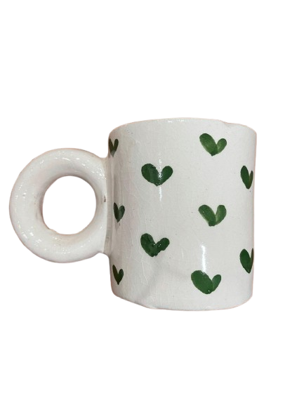 Cette tasse à café en céramique se distingue par son design contemporain et son esprit résolument joyeux.Sa grande anse arrondie, à la fois graphique et confortable, lui confère une véritable personnalité et une prise en main agréable. Les motifs cœurs, appliqués sur un fond clair, apportent une touche ludique et moderne, sans tomber dans l’excès décoratif.
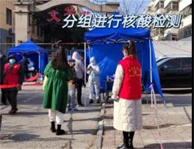 2022年1月份以来疫情逐渐蔓延,愈发严重。1月7日,2021级大数据与会计1班的姜天灿同学接到了虞城县城郊乡志愿者报名的通知。次日,她被分配到虞城县交通运输局工作点,但由于距离较远、为防止疫情进一步恶化,村镇将道路封堵,报到之后便没能正式参与工作。1月9日,居住地河南省商丘市虞城县稍岗镇张灿庄村也开始了第一次全员核酸检测,她便申请加入了村里的志愿服务行列,主要负责核酸检测信息录入并帮助采集人员点名叫号。第一次信息录入忙到了晚上十点半,但姜天灿同学说:“虽说耗时较长、天气很冷,但是大家拧成一股绳为村里付出的心,以及相互鼓舞的每一个动作言辞,真的一直温暖我……”
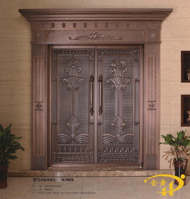 友情提示:感謝您瀏覽我們的純銅別墅門產品,型號是M-9017、私人定制價格受客戶所選款式及門頭門柱工藝等多方面因素影響,所以請直接電話聯系公司客服,客服會根據您的要求核算出性價比高的報價給到您。我們是專業的純銅別墅門廠家,門面可采用洛陽紫銅0.8厚度銅板或者鋼銅。如果您想詳細了解純銅別墅門價格,請通過網站留言或者直接撥打電話:13605899963與我們取得聯系索要純銅別墅門批發價格表!
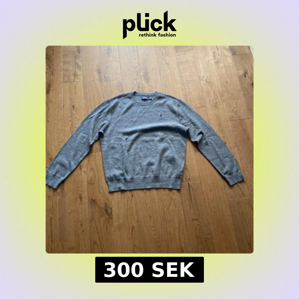 Säljer en grå stickad tröja från Polo Ralph Lauren i storlek M. Tröjan har rund hals, långärmade och ett diskret broderat Polo-logo på bröstet. Mjuk och skön kvalitet som passar perfekt till jeans eller chinos. Klassisk och stilren look.
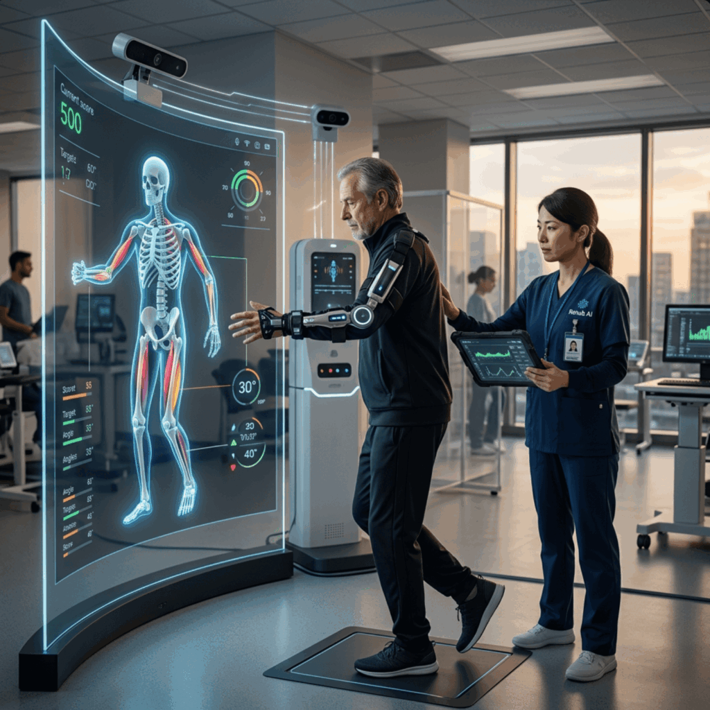 上の図はイメージですが、2025〜2026年現在、リハビリの現場にAIは着実に入り込んできています。
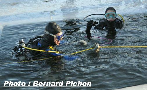 C'est par un Magnifique Beau temps que les Plongeurs Hollandais et Oyonnaxien sont tombés dans les eaux glaciale du Lac Genin, Beaucoup de monde pour cette première plongée avec une jeune Oyonnaxienne Sécile 15 ans qui faisait son Baptême de Plongée. Sécile, 15, bei der Eistauchpremiere im Lac Genin |
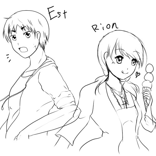 サイトではエストは10歳のちびっ子状態ですが、実はリオンと同い年です。二人が本編とかで一堂に会する機会があったら、こんな感じになるのでしょうね。
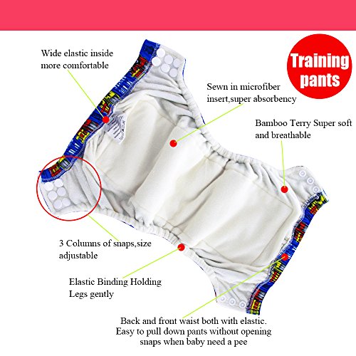 -. Feature : Material:Outer, 100% PUL;Inner, 100% bamboo,Lining:100% polyester - which will catch any solids / Waist: About 20cm-35cm(7.8"-13.8"),Training diapers can fit baby suitable weight: S(10-18lbs/4.5-8kg), M(18-30lbs/8-13.5kg), L(30-40lbs/13.5-18kg). / They have 3 rows of snaps on each side, allowing you to fully adjust the diaper to any size setting. They also have 2 rows of snaps at the front, allowing you to adjust the height of the diaper and fit around the legs. / One size fits all: by adjusting the front corresponding snaps. Just perfect for saving your money in the long term.Training diaper suitable for baby to sleep at night time use. This allows the baby and the baby's mother to sleep peace of mind. The mother does not need to worry about the baby will wet the bed.
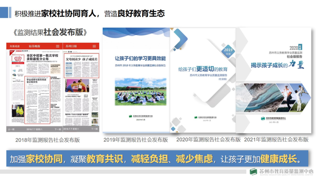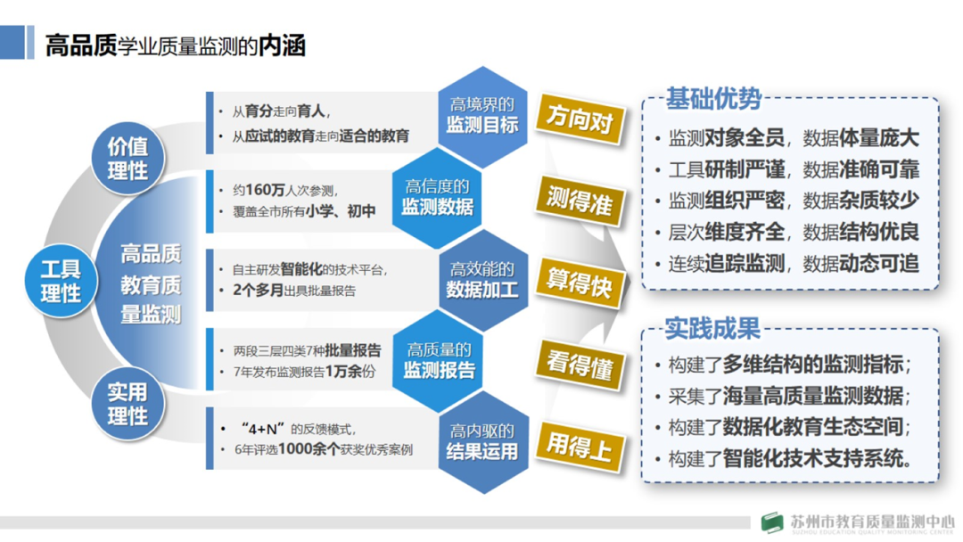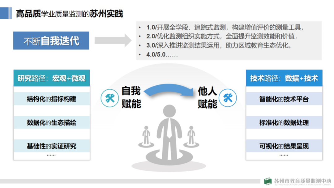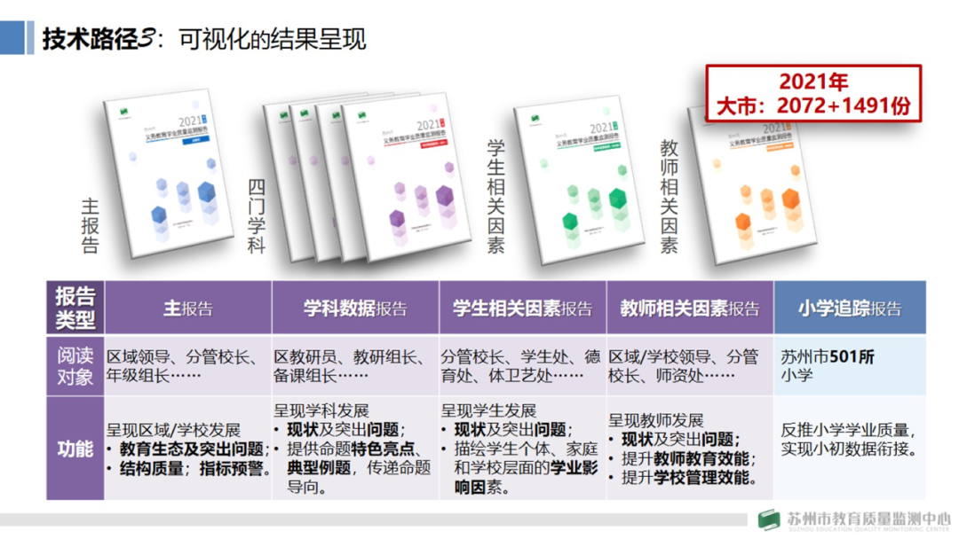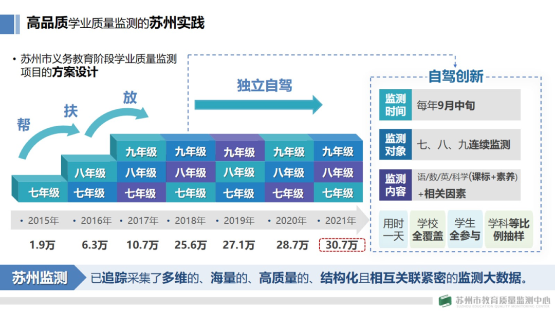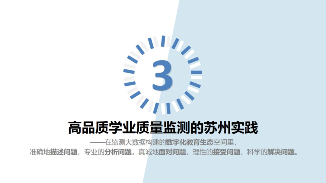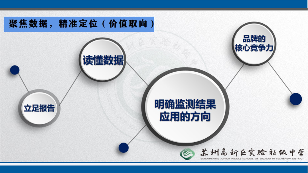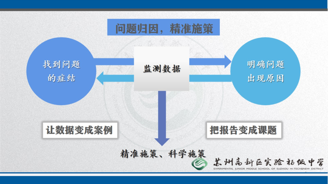 张老师从学校参与苏州市教育质量监测,到研读年度报告找问题、寻短板,寻求策略诊断改进,改良改优教育教学行为,让数据变成案例,把报告变成课题,把基于数据的教学改进作为学校品牌工作的关键点和增长点。
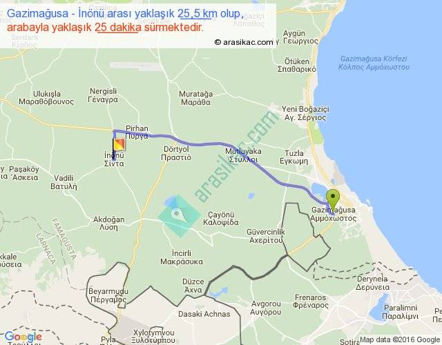 Gazimağusa - İnönü arası yaklaşık olarak 90 km/h ile yukarıda belirtilen sürede olup, iki yerin kuş uçuşu uzaklığı (mesafesi) 20'dir. Yolculuk otobüsle 32 dakika sürmektedir.
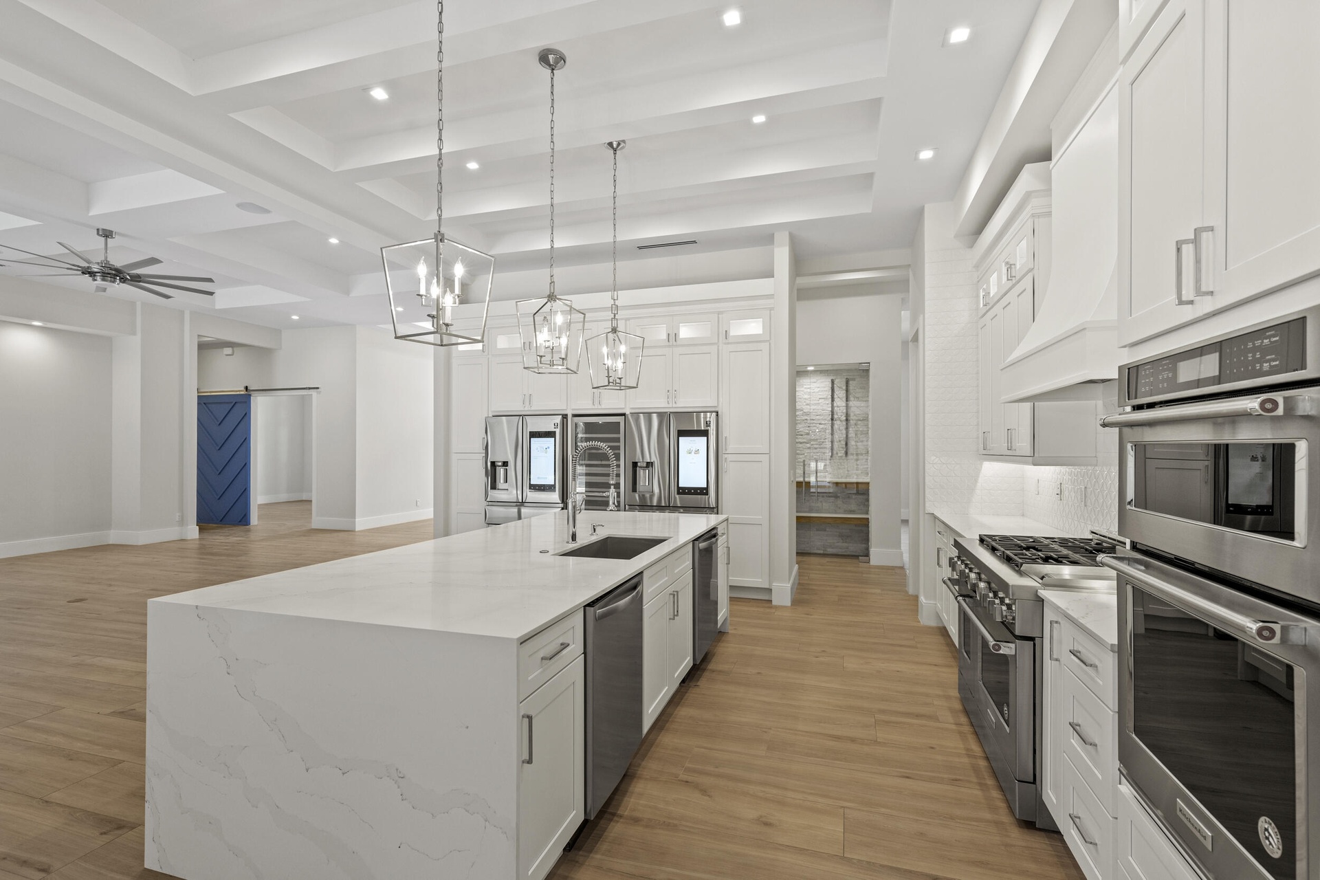 DescriptionCoastal vibes abound in this newer transitional approx.5800, sq ft with 2500 sq ft /five car garage space homestead. Bring all the cars, or convert one side into additional living space or the home gym you've always wanted. Enter through large pivot statement door, into a expansive foyer, with large family /kitchen space, ready for your custom touch. 3000sq ft covered tiled patio. Full hurricane protection, full house generator, outdoor kitchen with gas fireplace frame the saltwater pool, make relaxing a breeze. Porcelain tile floors throughout, marble and quartz finishes. Oversized stately bedrooms. amplify comfort. Entertainers kitchen, with double appliances, full wine refridgerator, microwave, wall oven and full six burner convection range with pot filler.
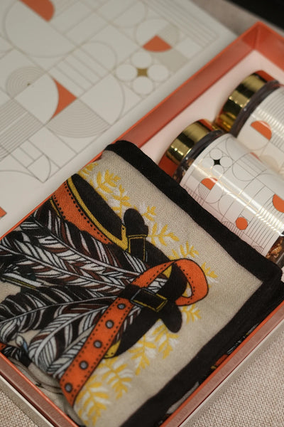 Gift Box with Modern Belt-Design Stole – All-Season Luxury Hamper
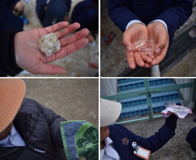うっすらと雪化粧をした運動場に、子どもたちは大喜び。小さな雪玉をつくったり、氷を見つけて大事そうにハンカチでくるんだり・・・。雪で手がかじかむ体験が初めての子も。
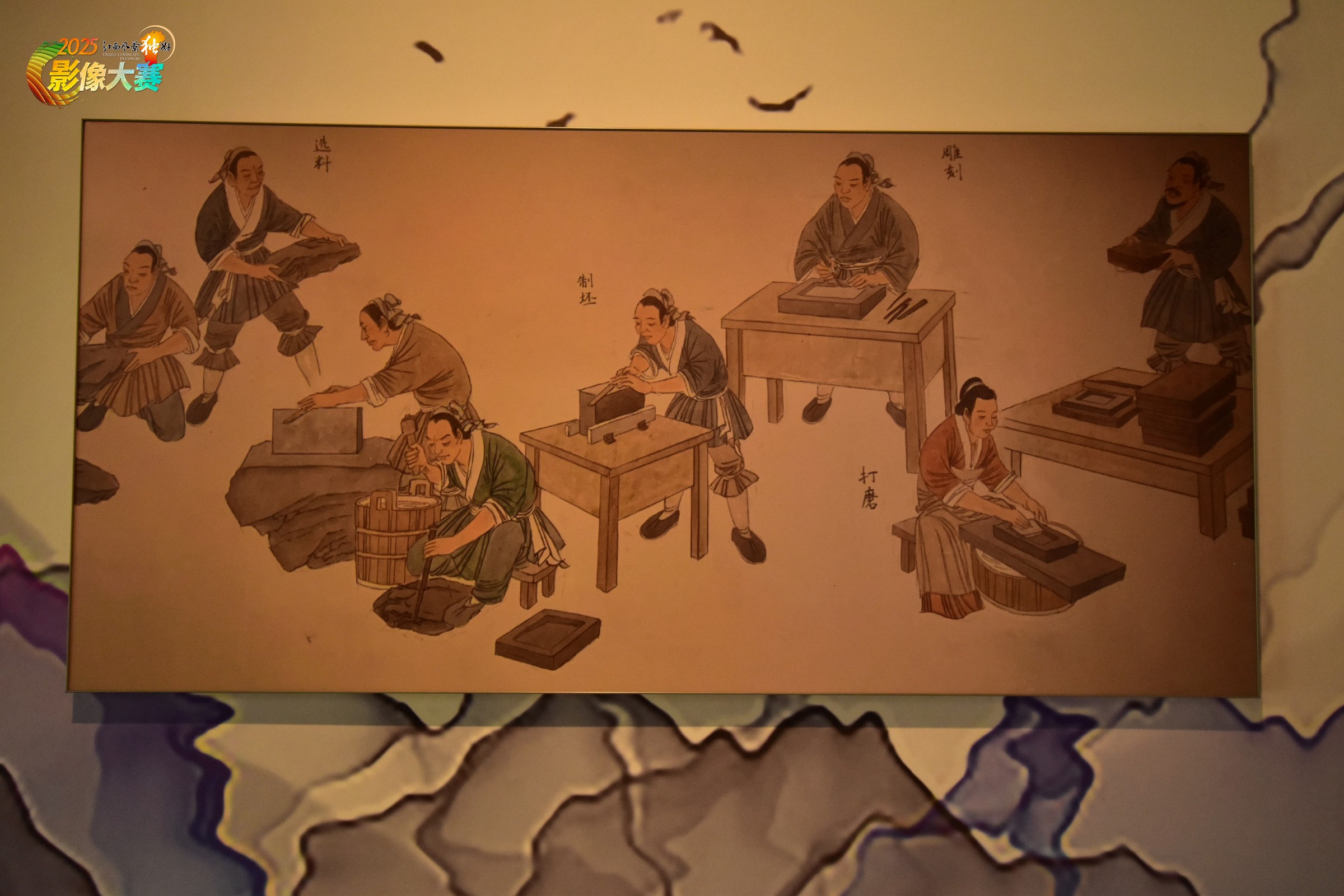 婺源歙砚是中国四大名砚之一,因产自古歙州婺源县龙尾山而得名,其石材为轻度千枚岩化的板岩,需经亿年地质形成‌。 傩舞是婺源国家级非物质文化遗产,源于商周时期的原始巫舞,用于驱邪祈福,被誉为“中国戏剧活化石”‌。

======

▶ Task requirements: "友情提示:感謝您瀏覽我們的純" marks the first line to copy, and "サイトではエストは10歳のち" marks the last. Repeat that stretch above exactly, with no pictures.

▶ Problem solution:
 友情提示:感謝您瀏覽我們的純銅別墅門產品,型號是M-9017、私人定制價格受客戶所選款式及門頭門柱工藝等多方面因素影響,所以請直接電話聯系公司客服,客服會根據您的要求核算出性價比高的報價給到您。我們是專業的純銅別墅門廠家,門面可采用洛陽紫銅0.8厚度銅板或者鋼銅。如果您想詳細了解純銅別墅門價格,請通過網站留言或者直接撥打電話:13605899963與我們取得聯系索要純銅別墅門批發價格表!
 Säljer en grå stickad tröja från Polo Ralph Lauren i storlek M. Tröjan har rund hals, långärmade och ett diskret broderat Polo-logo på bröstet. Mjuk och skön kvalitet som passar perfekt till jeans eller chinos. Klassisk och stilren look.
 上の図はイメージですが、2025〜2026年現在、リハビリの現場にAIは着実に入り込んできています。
 C'est par un Magnifique Beau temps que les Plongeurs Hollandais et Oyonnaxien sont tombés dans les eaux glaciale du Lac Genin, Beaucoup de monde pour cette première plongée avec une jeune Oyonnaxienne Sécile 15 ans qui faisait son Baptême de Plongée. Sécile, 15, bei der Eistauchpremiere im Lac Genin |
 サイトではエストは10歳のちびっ子状態ですが、実はリオンと同い年です。二人が本編とかで一堂に会する機会があったら、こんな感じになるのでしょうね。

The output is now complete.